Drop tqdm in favor of logger; normalize use of tabulate #35

mcioffi · 2025-08-11T20:32:24Z

The Updates ✏️

TL;DR — Future web app (PR #25) use websockets for routing training data to the front-end, and tqdm adds complexity to that with stdout behavior over sockets, so this proposes to remove it; also included are updates to tabulate printing and a decorate function

Trainer: Remove tqdm dependency
Trainer: Reverts to logger.info for multi-processing tasks like train (multiple), gridsearch, and featuresearch
Trainer: Normalize use of tabulate across all tasks — train (single/multiple) now gets this treatment (examples below)
Trainer: New decorator fn called set_redirect_log_stream, to be used in web app

$ python3 train.py train --database train/data/training.sqlite3

[INFO] (training_utils) Loading and transforming training data.
[INFO] (training_utils) 81,272 usable vectors.
[INFO] (training_utils) 45 discarded due to OTHER labels.
[INFO] (train_model) 905609147 is the random seed used for the train/test split.
[INFO] (train_model) 65,017 training vectors.
[INFO] (train_model) 16,255 testing vectors.
[INFO] (train_model) Training model with training data.
[INFO] (train_model) Evaluating model with test data.

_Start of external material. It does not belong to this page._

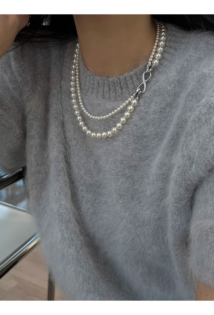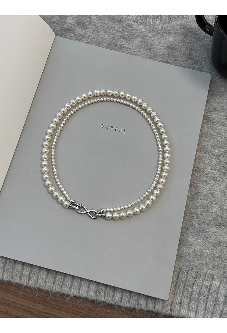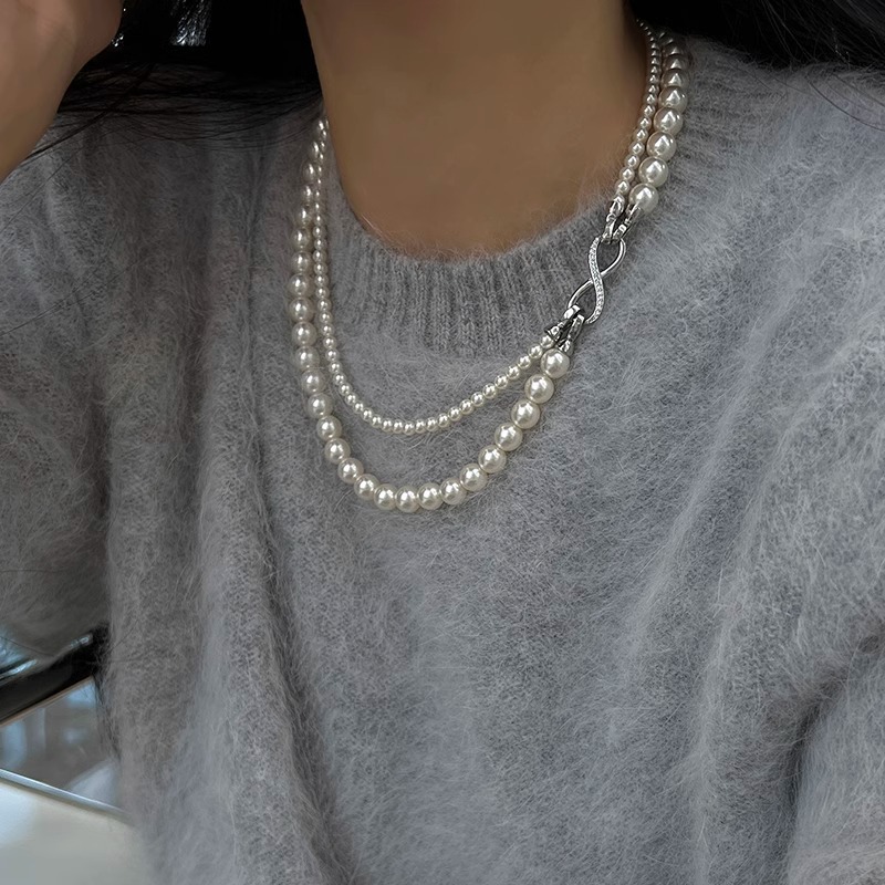 Двухслойный жемчуг ожерелье женский легкий экстравагантный стиль высокого уровня свитер свитер цепь осень-зима 2025 новый взрывной шейный браслет
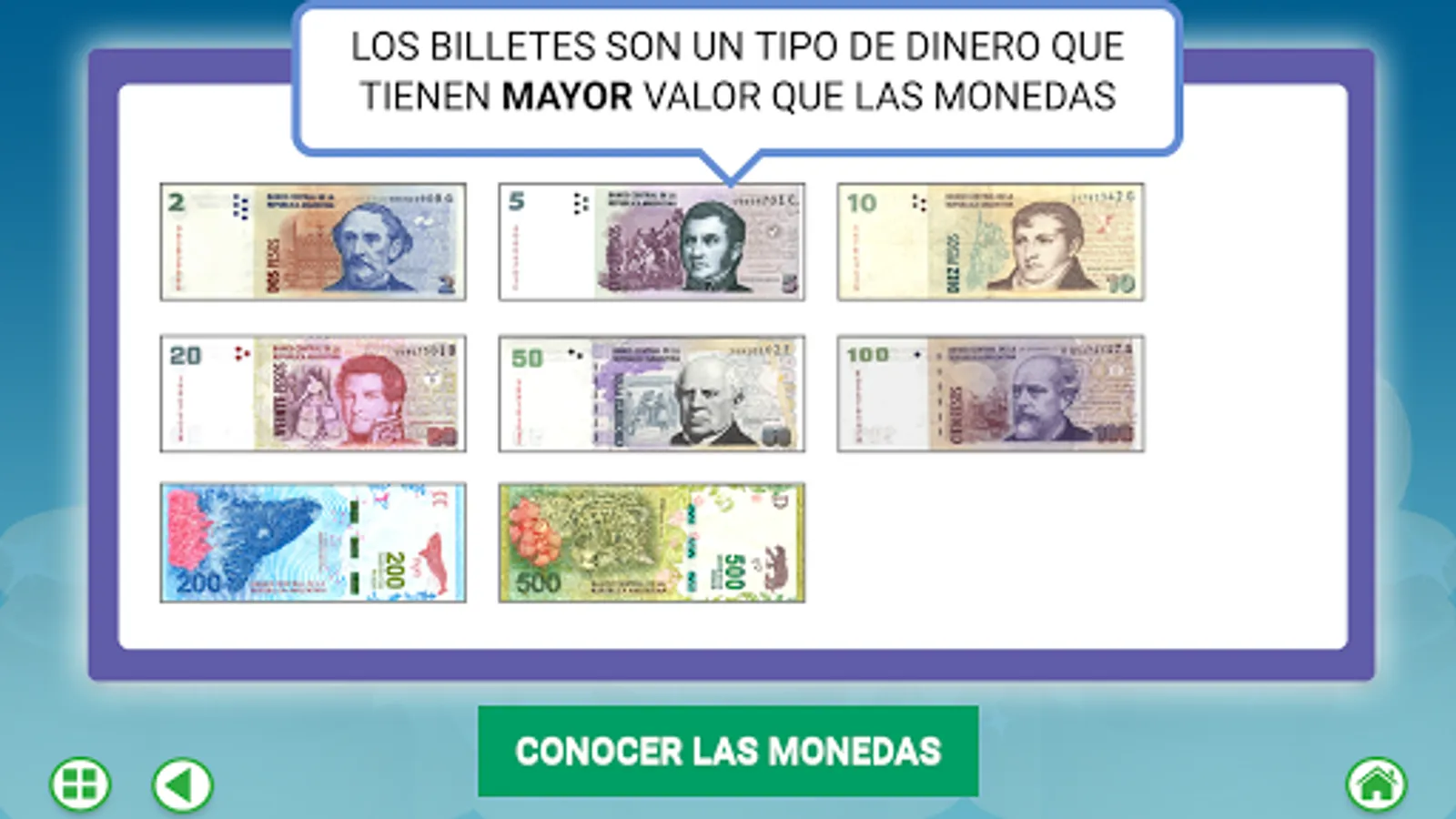 More information: This is an application specifically designed to teach money from Argentina, The application features audio that allows you to learn the characteristics of each banknote and coin and start identifying them. It also presents situations to identify whether a particular bill reaches or not to purchase a certain product of a certain value, which notes or coins can buy a product without receiving back. In the last level situations to purchase one or more products with the ability to calculate the change that would be received are presented.

+------------------------+---------------------------+
| Sentence-level results | Word-level results        |
+------------------------+---------------------------+
| Accuracy: 94.42%       | Accuracy: 97.84%          |
|                        | Precision (micro) 97.82%  |
|                        | Recall (micro) 97.84%     |
|                        | F1 score (micro) 97.83%   |
+------------------------+---------------------------+

$ python3.12 train.py multiple --database train/data/training.sqlite3 --runs 2

[INFO] (training_utils) Loading and transforming training data.
[INFO] (training_utils) 81,272 usable vectors.
[INFO] (training_utils) 45 discarded due to OTHER labels.
[INFO] (train_model) Queued for 2 separate runs. This may take some time.
[INFO] (train_model) 1st run completed
[INFO] (train_model) 2nd run completed

+---------+---------------------+-------------------+-----------+
| Run     | Word/Token accuracy | Sentence accuracy | Seed      |
+---------+---------------------+-------------------+-----------+
| 1st     | 97.75%              | 94.36%            | 94545036  |
| 2nd     | 98.01%              | 94.83%            | 125339459 |
| -       | -                   | -                 | -         |
| Average | 97.88% ± 0.54%      | 94.60% ± 0.98%    | 125339459 |
| -       | -                   | -                 | -         |
| Best    | 98.01%              | 94.83%            | 125339459 |
| Worst   | 97.75%              | 94.36%            | 94545036  |
+---------+---------------------+-------------------+-----------+

Changes are to accommodate strangetom#25, as webtools will need basic logging to handle websocket logging behavior required for front-end

…le output from websockets 1. Work-in-progress new feature for gridsearch 2. Rever to logger.info for websocket output, to be aligned with develop branch 4. Refine the console output, should have originally used <pre> tags to persist reserved str \n, \t, etc Note: This commit refers to a function set_redirect_log_stream, that will be introduced in strangetom#35, since it is required to set a logging stream handle correctly to pipe results to websockets

…b app/tool Refer to notes on other PR at strangetom@371a060

strangetom · 2025-08-12T16:22:30Z

Thanks @mcioffi

A few minor issues:

Can you run the pre-commit hooks to fix the formatting issues
Using the fancy_grid style for the tables makes for better readability when the table columns are wide (e.g. when grid search results)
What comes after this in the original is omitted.